[Recorded data]
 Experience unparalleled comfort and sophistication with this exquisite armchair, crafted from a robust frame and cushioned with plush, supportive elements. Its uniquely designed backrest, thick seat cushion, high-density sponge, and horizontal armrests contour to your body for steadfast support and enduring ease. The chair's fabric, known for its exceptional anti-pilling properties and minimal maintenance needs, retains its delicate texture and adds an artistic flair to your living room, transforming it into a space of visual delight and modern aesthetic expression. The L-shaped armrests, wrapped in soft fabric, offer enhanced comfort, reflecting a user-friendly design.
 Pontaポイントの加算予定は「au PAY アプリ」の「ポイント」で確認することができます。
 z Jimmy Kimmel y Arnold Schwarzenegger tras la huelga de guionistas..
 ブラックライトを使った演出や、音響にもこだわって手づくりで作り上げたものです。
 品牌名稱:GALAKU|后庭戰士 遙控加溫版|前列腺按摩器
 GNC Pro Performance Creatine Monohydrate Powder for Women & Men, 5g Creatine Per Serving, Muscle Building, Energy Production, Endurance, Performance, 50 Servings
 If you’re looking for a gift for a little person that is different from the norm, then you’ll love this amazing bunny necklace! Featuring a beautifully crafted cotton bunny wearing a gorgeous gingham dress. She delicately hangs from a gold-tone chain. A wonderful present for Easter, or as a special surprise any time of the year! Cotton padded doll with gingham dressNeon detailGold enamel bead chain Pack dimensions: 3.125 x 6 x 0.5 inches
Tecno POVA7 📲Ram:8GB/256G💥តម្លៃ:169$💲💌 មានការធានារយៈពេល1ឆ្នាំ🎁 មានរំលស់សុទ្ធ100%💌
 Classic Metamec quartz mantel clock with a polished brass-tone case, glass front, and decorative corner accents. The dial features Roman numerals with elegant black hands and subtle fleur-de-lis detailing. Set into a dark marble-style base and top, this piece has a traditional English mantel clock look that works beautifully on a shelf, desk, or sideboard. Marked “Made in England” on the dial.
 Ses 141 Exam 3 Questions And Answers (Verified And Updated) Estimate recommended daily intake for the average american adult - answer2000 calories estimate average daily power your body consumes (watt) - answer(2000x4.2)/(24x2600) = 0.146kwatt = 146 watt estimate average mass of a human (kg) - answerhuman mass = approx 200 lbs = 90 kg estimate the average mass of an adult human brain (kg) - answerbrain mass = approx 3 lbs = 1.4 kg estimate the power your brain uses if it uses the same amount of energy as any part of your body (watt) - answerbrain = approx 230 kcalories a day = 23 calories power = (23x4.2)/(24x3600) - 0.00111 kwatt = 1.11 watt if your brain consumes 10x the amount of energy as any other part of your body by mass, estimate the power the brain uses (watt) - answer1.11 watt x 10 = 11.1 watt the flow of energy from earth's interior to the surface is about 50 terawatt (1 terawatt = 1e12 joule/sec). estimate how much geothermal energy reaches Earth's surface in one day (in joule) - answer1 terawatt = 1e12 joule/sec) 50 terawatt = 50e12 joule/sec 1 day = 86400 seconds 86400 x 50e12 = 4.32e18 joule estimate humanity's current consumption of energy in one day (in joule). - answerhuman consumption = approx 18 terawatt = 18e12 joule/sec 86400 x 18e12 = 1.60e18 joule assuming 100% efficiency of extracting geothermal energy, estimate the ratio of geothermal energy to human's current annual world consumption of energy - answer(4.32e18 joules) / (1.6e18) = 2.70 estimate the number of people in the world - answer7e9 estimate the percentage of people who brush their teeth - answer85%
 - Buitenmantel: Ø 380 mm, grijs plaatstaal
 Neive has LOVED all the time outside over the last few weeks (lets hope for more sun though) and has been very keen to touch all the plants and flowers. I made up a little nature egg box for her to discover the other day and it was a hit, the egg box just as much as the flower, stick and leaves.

### What the task asks:
A complete answer gives every line of the data that includes "time".

### Your response:
 If you’re looking for a gift for a little person that is different from the norm, then you’ll love this amazing bunny necklace! Featuring a beautifully crafted cotton bunny wearing a gorgeous gingham dress. She delicately hangs from a gold-tone chain. A wonderful present for Easter, or as a special surprise any time of the year! Cotton padded doll with gingham dressNeon detailGold enamel bead chain Pack dimensions: 3.125 x 6 x 0.5 inches
 Neive has LOVED all the time outside over the last few weeks (lets hope for more sun though) and has been very keen to touch all the plants and flowers. I made up a little nature egg box for her to discover the other day and it was a hit, the egg box just as much as the flower, stick and leaves.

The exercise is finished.